Think opposite (What you can learn from sushi class)
Many things are not what you think they are.
I realized some things from teaching over 1,000 sushi classes in the past decade.
I can share these learnings because I came to understand them through my sushi making and practices.
You, too can experience some of them when attending our classes.
Many things are not what they seem. We tend to think the opposite of what they really are. I knew some of these things when I started teaching sushi classes ten years ago. Now I understand some of them. There is a difference between knowing and understanding.
Let me describe that they are here.
Cooking rice is not just about how much water you need
One of the main reasons how to cook perfect rice recipes do not work (for you) is that almost none of them mention this critical aspect of cooking rice: how much water you will lose when cooking rice. It will be a long explanation, so if you like to read more, here is a full blog article. Anyway, in short, it’s about both how much water you lose, then figuring out how much water you need.
I eat less sushi than you think I do
This is the title of my next book (it will be my fifth book!) It is also my answer to one of the most frequently asked questions:” Which sushi restaurant in San Francisco do you recommend?”
These days after being a sushi chef for some twenty years, I hardly go out to eat sushi. That is because I have learned many techniques and feel less need to learn what other chefs’ sushi tastes like.

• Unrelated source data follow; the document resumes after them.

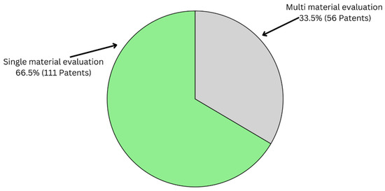 Number of granted patents in materials category that have single material evaluation and multi-material evaluation.
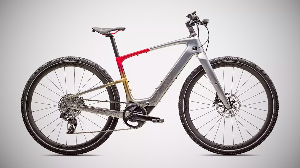 - High-End Components: Features premium parts like SRAM electronic-shift drivetrain, Roval Terra carbon wheels, and a Specialized Power Pro Mirror saddle for enhanced performance and comfort.
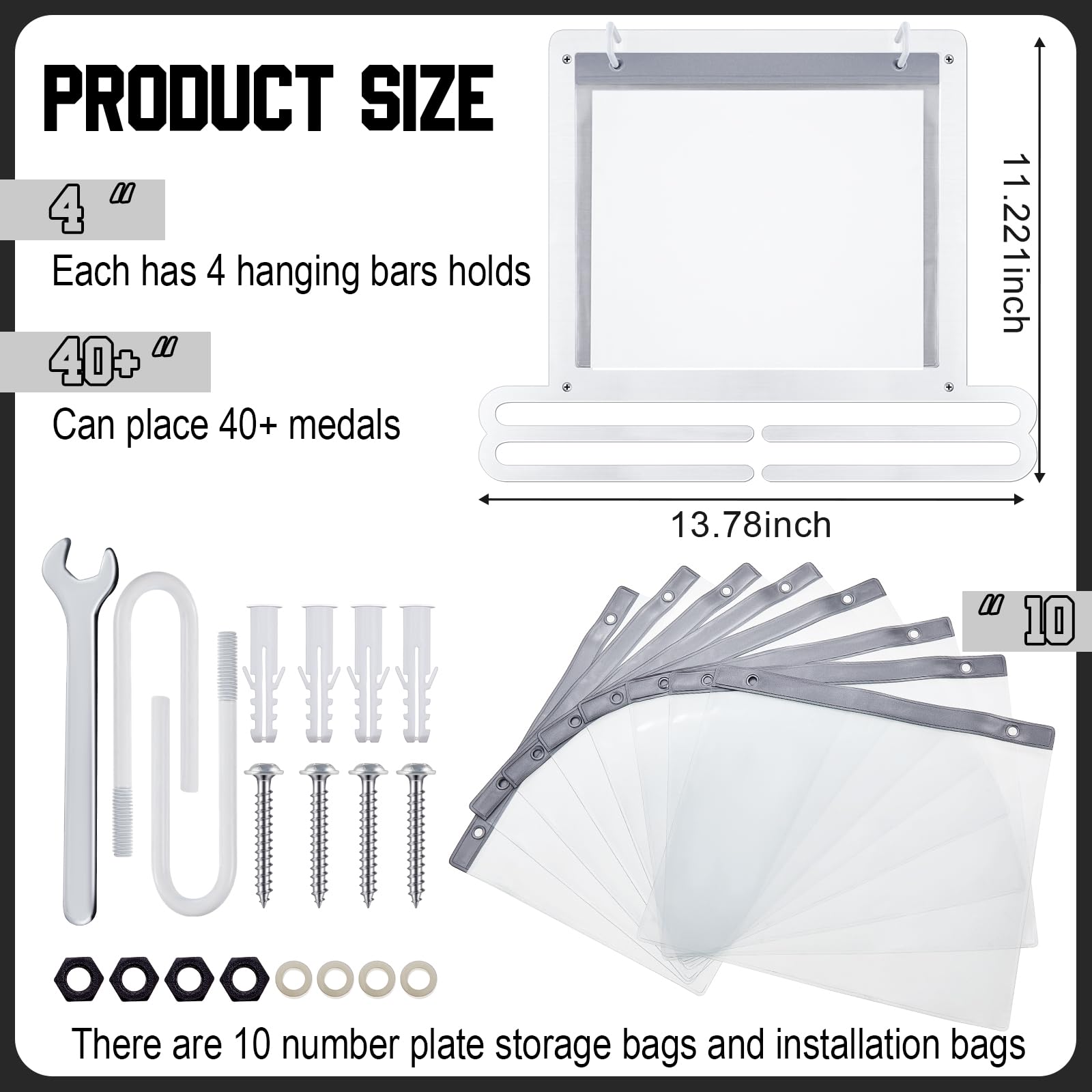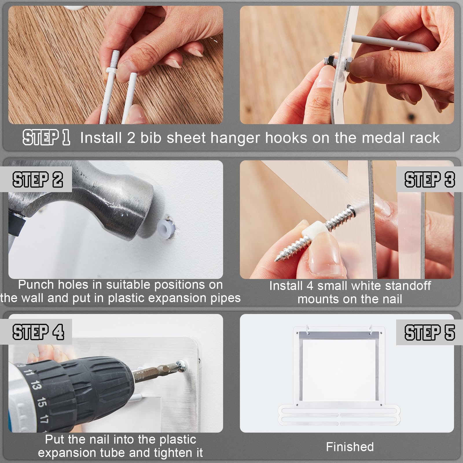 - Convenient to install: the race medal display rack is designed for wall mounting to maximize space and keep your medals and bibs organized, the package comes with the appropriate mounting kit, you simply attach the rack and screws to the wall, then place the medals in the plastic bibs and hang them on the hooks, slide your medals onto the bars
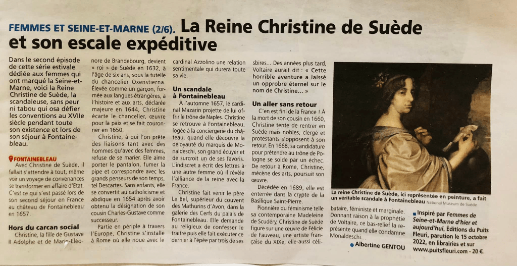 La Reine Christine de Suède et son escale expéditive à Fontainebleau
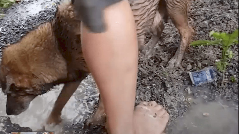 Vízzel teli üregből mentette ki kölykeit a kutyamama – videó
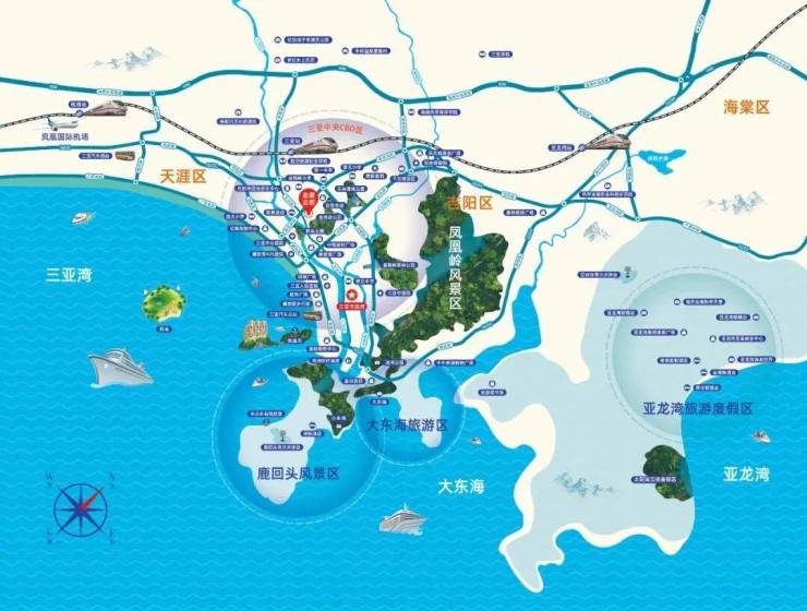 项目近临金鸡岭路、三亚河东路;城市中轴线凤凰路、鹿城大道穿梭而过;城市主干道迎宾路、解放路、落笔洞路、三亚湾路等交通网络;2公里三亚动车站,5公里环岛高速出入口,10公里凤凰机场,城市轻轨及多条公交路线停靠。立体交通网络,出行便捷无忧。
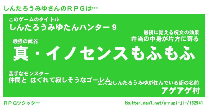 | 男性向けラノベタイトル風あだ名 | 『シンタロウミユアートオンライン』 |

Also, I am more focused on running my business.
Another thing is when I have access to sushi every day, I don’t necessarily want to eat sushi that much.
After working for a pizza restaurant for ten years, do you think you still want to eat pizza for dinner tonight? You would likely eat less pizza in this scenario, don’t you think?

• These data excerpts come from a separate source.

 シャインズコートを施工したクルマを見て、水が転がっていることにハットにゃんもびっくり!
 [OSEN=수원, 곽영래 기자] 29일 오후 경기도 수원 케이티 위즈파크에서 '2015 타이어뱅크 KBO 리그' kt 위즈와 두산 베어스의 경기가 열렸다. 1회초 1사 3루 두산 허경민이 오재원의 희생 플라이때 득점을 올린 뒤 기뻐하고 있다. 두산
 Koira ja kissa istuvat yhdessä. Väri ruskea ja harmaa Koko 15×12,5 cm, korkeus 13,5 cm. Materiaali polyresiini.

Use less force when experiencing difficulty cutting with a knife
I don’t know if this is a “counterintuitive” situation. Many class attendees have difficulty cutting a sushi roll or slicing fish.
Most of the time, those having difficulty are forcing the knife to go down, which results in fracturing the roll or fish. Rolls will be broken, fish will be in pieces. Not good.

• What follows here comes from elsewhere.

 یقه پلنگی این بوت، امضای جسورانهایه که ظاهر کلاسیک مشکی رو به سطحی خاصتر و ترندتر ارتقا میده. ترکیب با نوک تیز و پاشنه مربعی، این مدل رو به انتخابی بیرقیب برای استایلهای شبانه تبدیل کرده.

When having difficulty cutting, use less force. Instead of using force to move the knife down, let the knife do the work. Let your knife slide on top of the ingredients. Use the sharpness of the knife. Let the knife “run,” as Japanese chefs say.
Choosing a knife is not about the quality of the steel, or how expensive it is. It is about how you sharpen it
I first learned this from a sushi chef Jin-san, whom I met when I started my sushi training some twenty years ago. He was the most skilled chef I’ve ever worked with. Jin-san fillet fish more gracefully and quickly than anyone I have seen. What kind of knife did he use? A fifteen dollar chef knife he about at a restaurant supply store. “I can tell what kind of chef he is by looking at his knife,” Jin-san said to me. “Yes, I have an expensive $2,000 sashimi knife, but it is unnecessary here. It’s about how you sharpen the knife.”
After some twenty years, I find myself using a $15 chef knife to fillet fish just like Jin-san. That knife, it turns out, is one of my favorites now.